■ **What to work on**
Transcribe nothing except the lines below that run from the one with "Aus dieser foro" to the one with "This Sprint Run", ends included, and do not copy any picture.

···

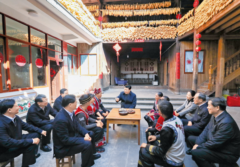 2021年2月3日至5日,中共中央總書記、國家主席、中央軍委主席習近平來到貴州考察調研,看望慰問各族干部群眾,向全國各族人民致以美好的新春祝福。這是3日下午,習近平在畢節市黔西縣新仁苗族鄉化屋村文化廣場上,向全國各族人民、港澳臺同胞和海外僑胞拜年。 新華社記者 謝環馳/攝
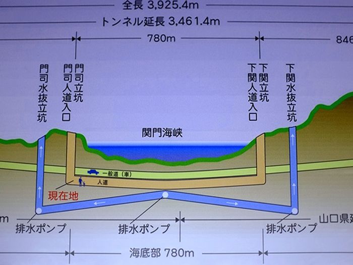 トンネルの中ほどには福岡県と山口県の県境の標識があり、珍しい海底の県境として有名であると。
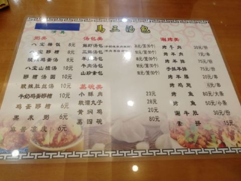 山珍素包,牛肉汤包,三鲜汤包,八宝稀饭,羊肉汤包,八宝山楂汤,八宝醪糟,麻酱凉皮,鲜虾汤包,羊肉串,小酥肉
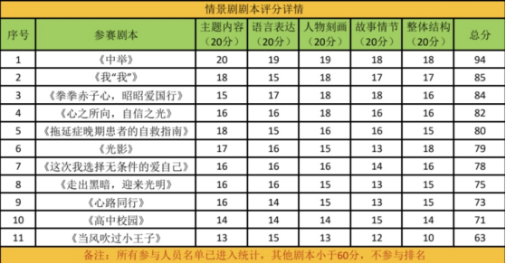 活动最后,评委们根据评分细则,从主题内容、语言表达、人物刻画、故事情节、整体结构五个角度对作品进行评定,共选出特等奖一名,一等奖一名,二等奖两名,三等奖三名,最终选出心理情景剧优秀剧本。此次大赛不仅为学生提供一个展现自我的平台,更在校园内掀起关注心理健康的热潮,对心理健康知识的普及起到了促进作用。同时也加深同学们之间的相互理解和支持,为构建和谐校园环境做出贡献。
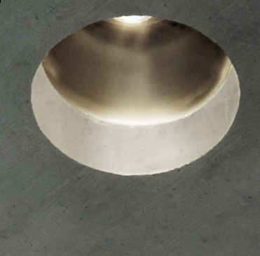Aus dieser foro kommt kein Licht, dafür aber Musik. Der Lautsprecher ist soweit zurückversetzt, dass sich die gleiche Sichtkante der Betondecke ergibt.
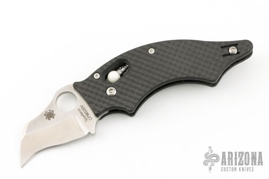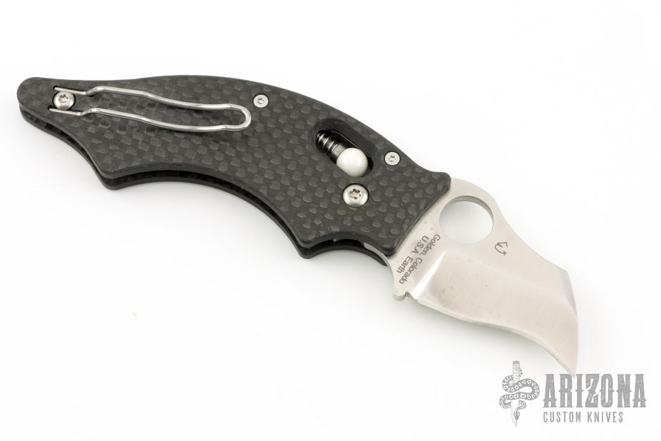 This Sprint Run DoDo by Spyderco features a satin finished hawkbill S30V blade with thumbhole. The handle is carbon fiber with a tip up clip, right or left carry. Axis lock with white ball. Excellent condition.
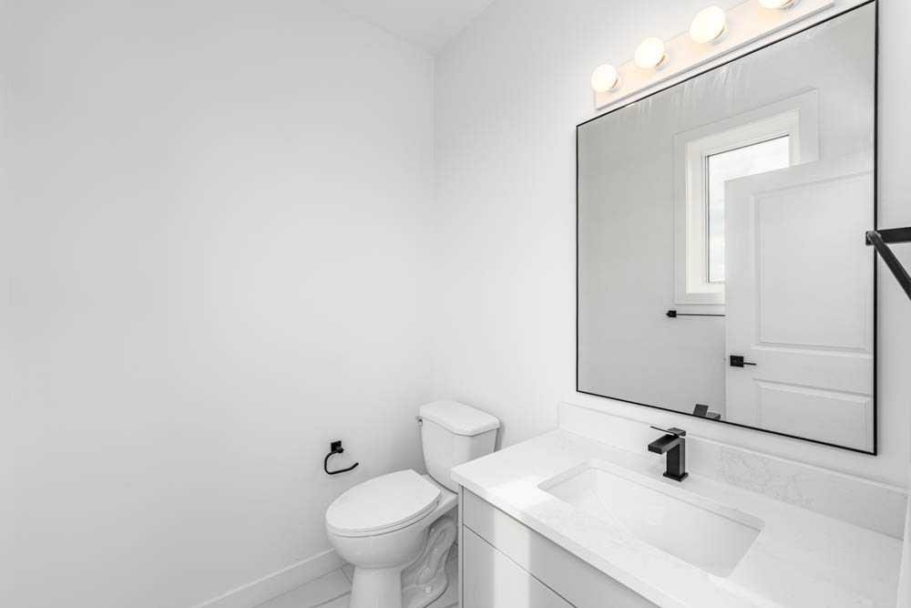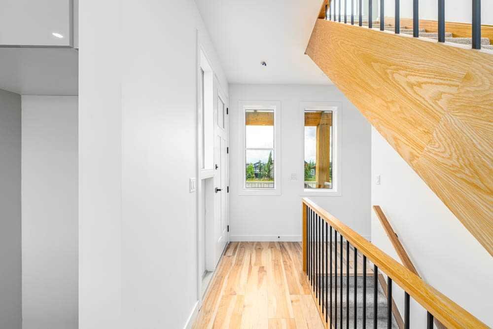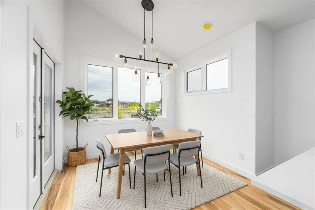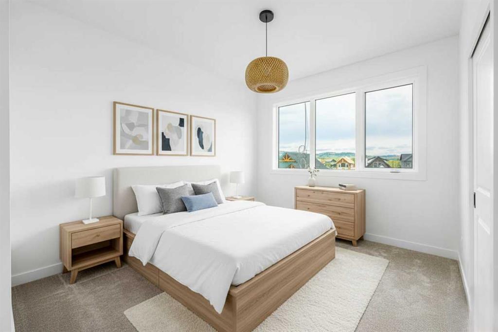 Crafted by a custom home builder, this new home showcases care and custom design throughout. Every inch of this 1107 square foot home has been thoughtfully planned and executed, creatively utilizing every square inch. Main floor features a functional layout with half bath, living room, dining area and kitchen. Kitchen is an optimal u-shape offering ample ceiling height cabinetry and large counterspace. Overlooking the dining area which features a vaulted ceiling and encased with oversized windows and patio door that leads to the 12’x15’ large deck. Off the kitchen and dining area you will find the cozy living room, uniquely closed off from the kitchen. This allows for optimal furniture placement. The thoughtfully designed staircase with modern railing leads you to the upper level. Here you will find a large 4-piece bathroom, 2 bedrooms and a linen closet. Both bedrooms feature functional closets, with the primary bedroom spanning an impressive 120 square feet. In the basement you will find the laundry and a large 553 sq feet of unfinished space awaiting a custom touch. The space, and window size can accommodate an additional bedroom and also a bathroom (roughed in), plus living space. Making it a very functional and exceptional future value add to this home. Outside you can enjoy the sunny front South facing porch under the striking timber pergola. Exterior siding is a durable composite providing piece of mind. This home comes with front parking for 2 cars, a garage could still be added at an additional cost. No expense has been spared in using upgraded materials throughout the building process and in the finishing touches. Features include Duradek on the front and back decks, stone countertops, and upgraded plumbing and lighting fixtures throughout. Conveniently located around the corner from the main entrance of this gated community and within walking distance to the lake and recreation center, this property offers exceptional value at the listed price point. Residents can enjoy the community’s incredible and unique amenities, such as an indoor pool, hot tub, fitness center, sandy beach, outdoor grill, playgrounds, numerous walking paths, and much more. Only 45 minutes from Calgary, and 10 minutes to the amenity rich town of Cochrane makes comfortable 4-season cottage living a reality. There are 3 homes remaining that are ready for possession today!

···

■ **Solved exercise**
Aus dieser foro kommt kein Licht, dafür aber Musik. Der Lautsprecher ist soweit zurückversetzt, dass sich die gleiche Sichtkante der Betondecke ergibt.
 This Sprint Run DoDo by Spyderco features a satin finished hawkbill S30V blade with thumbhole. The handle is carbon fiber with a tip up clip, right or left carry. Axis lock with white ball. Excellent condition.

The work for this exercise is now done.